Let me make sure I understand what's happening.

First, right now we're generating incorrect code, right?  Any chance
you'll be able to make a c-torture testcase out of the testcase you've
got right now?

Second, we have a missed optimization (didn't take advantage of inheritance
for a pseudo ...)?

Third, fixing #2 has the side effect of "fixing" #1?

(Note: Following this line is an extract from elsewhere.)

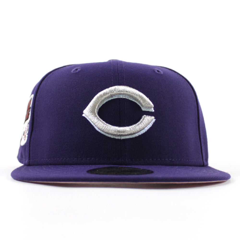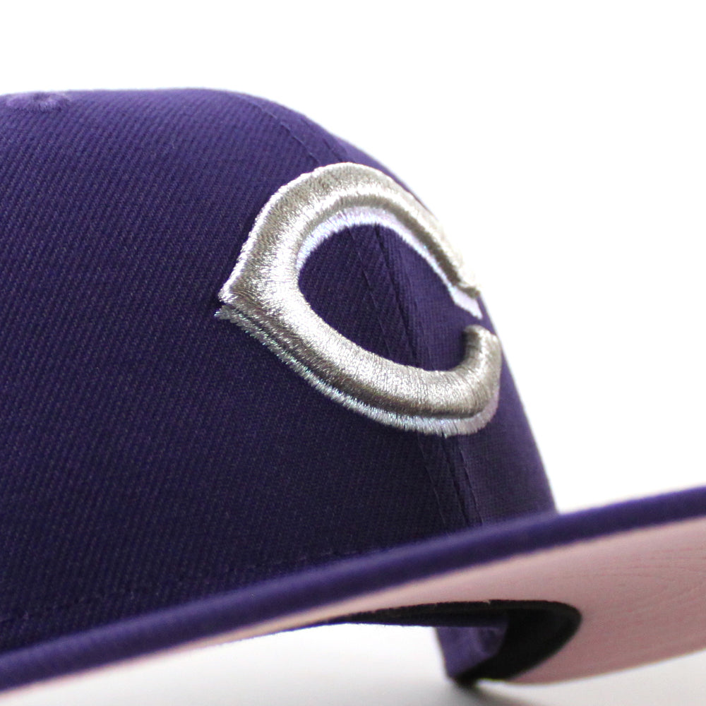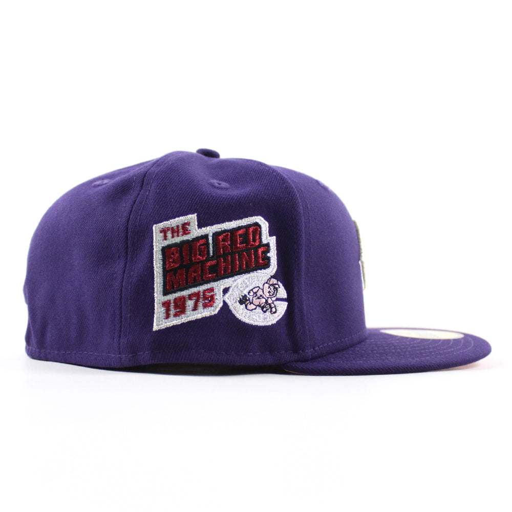 Cincinnati Reds 1975 Big Red Machine New Era 59Fifty Fitted Cap in Purple with a Pink Under Brim.

I would claim that while we want to fix the optimization, we also want to
fix the underlying code generation bug.

  > (insn 199 939 200 (set (reg:QI 120)
  >         (mem/s:QI (post_inc:SI (reg:SI 130)) 0)) 89 {movqi_i} (insn_list 93
  > 9 (nil))
  >     (expr_list:REG_INC (reg:SI 130)
  >         (nil)))
  > [snip]
  > (insn 220 218 221 (set (reg:QI 131)
  >         (mem/s:QI (reg:SI 130) 0)) 89 {movqi_i} (insn_list 218 (nil))
  >     (expr_list:REG_EQUIV (mem/s:QI (reg:SI 130) 0)
  >         (nil)))
This seems rather odd to me -- we've got a REG_EQUIV note which makes an
equivalence between (reg:QI 131) and (mem:QI (reg:SI 130)).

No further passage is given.